There is no comparison between a lazy person who can't be bothered to use the footbridge (with lifts) and people who want to exit a train in which they are freezing to death and urinating on the floor.
But there is. It is because one passenger seeks to justify their actions for their own personal reason. We cannot see from the video that the person who decided to cross the track made that decision based on them feeling threatened, discomfort, distress or whatever reason. That justification is important. If that person feels that they needed to use the toilet and the quickest way was to cross the track then they have used the same justification as others on this thread. Even so, there is little difference between the action taken. Both lead to someone being on the track for their own personal reasons.
What you aren't prepared to accept is that their justification for doing so does not align with yours.
My personal opinion is very very clear for all to see and I'm sure that you can see my viewpoint. I believe neither actions are justified and I am very black and white in that respect. However, there are those that only see that the passenger are right to egress onto the track for one reason but not others because they cannot justify that action from the passenger; yet the behavior is identical. Who decides which is acceptable behavior or not ? Who decides if one 'human factor' is greater than the other ?
If one lazy passenger should have used the footbridge then why are other lazy passengers allowed to egress because they need to loo ? Why are you willing to accept one over the other purely because you have unilaterally decided to justify one over the other ?

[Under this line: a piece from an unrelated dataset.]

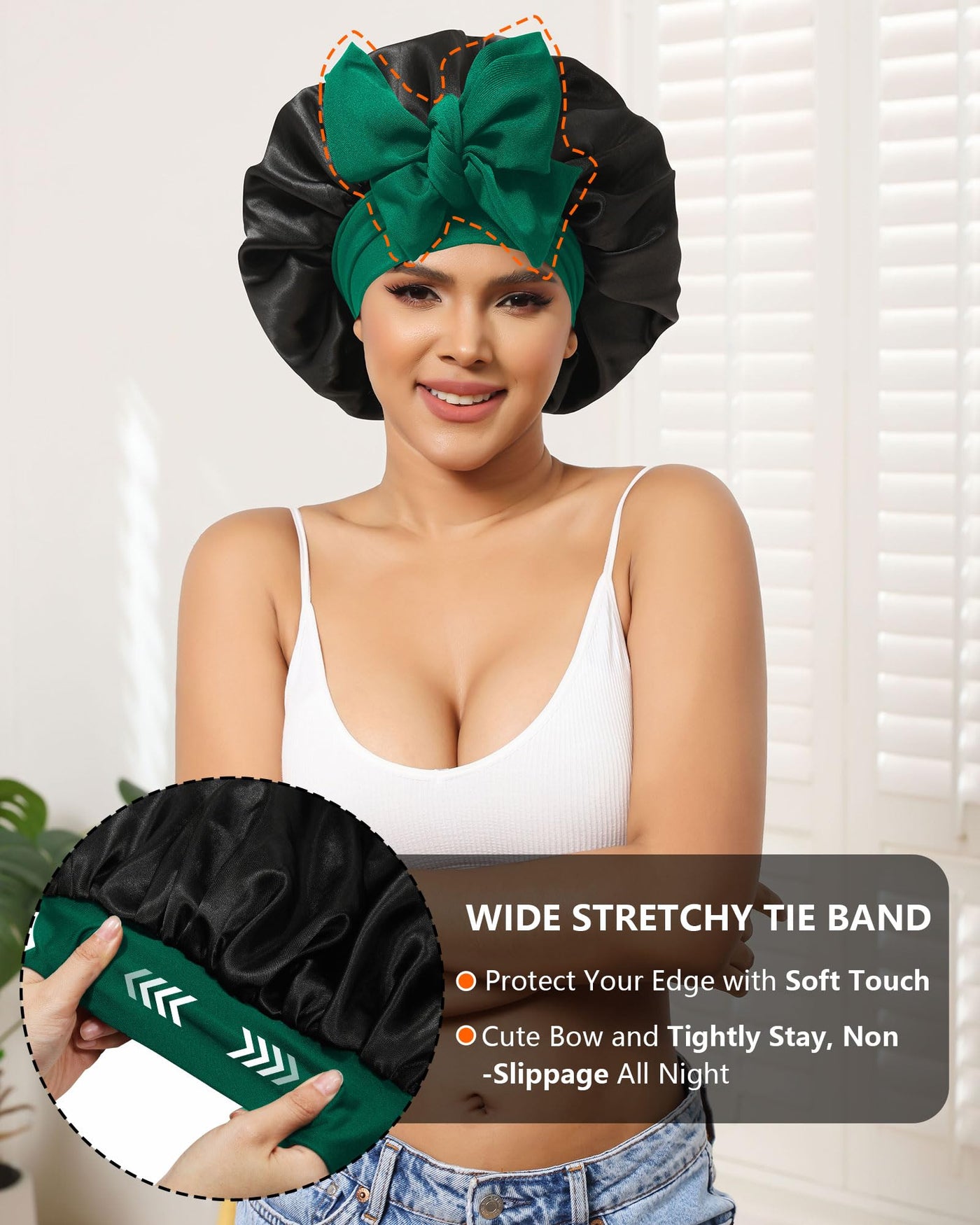 Satin Bonnet For Women Silk Bonnets For Sleeping Curly Hair Bonnet With Elastic Tie Band Reversible Double Layer Sleep Cap Hair

If you can't see the difference between someone self-evactuating a crush-loaded, stalled train after some considerable time (several hours in some cases)
Who decides how long is acceptable ? The point in which some decided to use the track is different for everyone. I would argue that the pint in which they decided to ergress is based on their immediate need. You have waited an hour for the loo and are about to soil yourself so you egress. The time spent waiting is immaterial. The point in which you decide is the key factor. Maybe that person crossing the track at that point in time decided that they had waited enough. Who gets to decide how long is enough ? If that is decided that its 2 hrs, then is anyone who egresses or crosses the track in the wrong ? 5hrs ? 20 minutes ? It's an arbitrary number.

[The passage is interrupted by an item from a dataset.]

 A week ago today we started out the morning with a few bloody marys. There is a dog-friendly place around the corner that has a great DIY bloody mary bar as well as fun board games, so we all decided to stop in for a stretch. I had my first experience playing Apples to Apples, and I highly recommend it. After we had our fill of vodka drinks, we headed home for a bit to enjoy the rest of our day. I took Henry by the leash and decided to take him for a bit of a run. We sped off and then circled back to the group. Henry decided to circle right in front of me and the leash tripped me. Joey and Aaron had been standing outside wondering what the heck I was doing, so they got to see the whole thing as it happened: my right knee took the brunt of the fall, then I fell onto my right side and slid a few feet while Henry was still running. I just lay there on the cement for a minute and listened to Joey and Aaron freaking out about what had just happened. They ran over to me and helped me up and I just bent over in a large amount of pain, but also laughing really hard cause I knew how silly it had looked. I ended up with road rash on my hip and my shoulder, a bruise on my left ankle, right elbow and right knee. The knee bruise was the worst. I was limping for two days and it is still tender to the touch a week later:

and someone walking across the tracks from one platform to another when neither is overcrowded, there is no immediate danger from remaining on the platform (no fire, no bomb, no madman with an axe, nobody weilding an assault rifle, etc)
The same with an packed train. There is no immediate danger yet people will egress onto the track. If you want to play the overcrowding card then what iff the platform was dangerously overcrowded. Can someone then decide to cross using the track based ont he platform being crowded ?

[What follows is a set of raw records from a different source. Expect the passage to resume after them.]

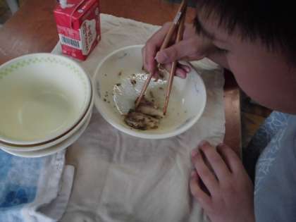 お箸を上手に使って,中骨を外したり,身を取ったりして,とてもきれいに食べています。
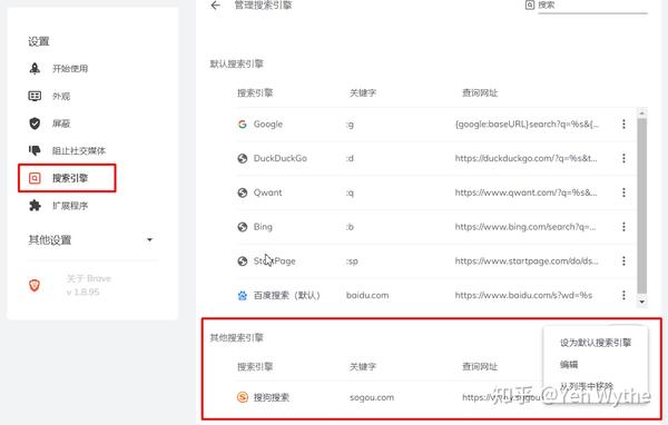 3、设置默认搜索引擎(初始默认谷歌搜索)
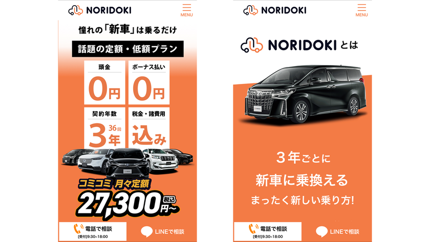 スマートフォン利用が身近になった現在、ユーザーの行動は日々変化しています。クルマの新しい乗り方を認知してもらうためには、ユーザーに寄り添った環境を用意する必要があります。そこで店舗の問い合わせページへ誘導することが重要になってきます。また、チラシ広告による来客数や問い合わせ数の伸び悩みの問題から、認知拡大や集客数アップを目的とした出口動線の確保のため、今回2つのリース商品「7MAX」、「NORIDOKI」に特化したLPサイトの運用を開始するに至りました。
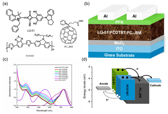 Material properties and device structure. (a) Chemical structures of LQ-51, PCDTBT, and PC71BM used in here; (b) Device architecture of organic solar cells; (c) The absorption spectra of binary and ternary films with different PCDTBT incorporation concentration; (d) The energy level diagram and proposed charge carrier transport paths in the device.

and there is at least one perfectly safe alternative route between the two points
Self evacuation isn't safe. Are you suggesting it is ? The passengers believed that the proximity to the station granted them safety. A controlled evacuation would have been the safe option. Both passengers acted based on their perception of safety. Crossing the track, according to some posters here, is perfectly safe.
I'm frankly not sure how you manage to function in the real world.
I function fine thanks. But cheers for the insult.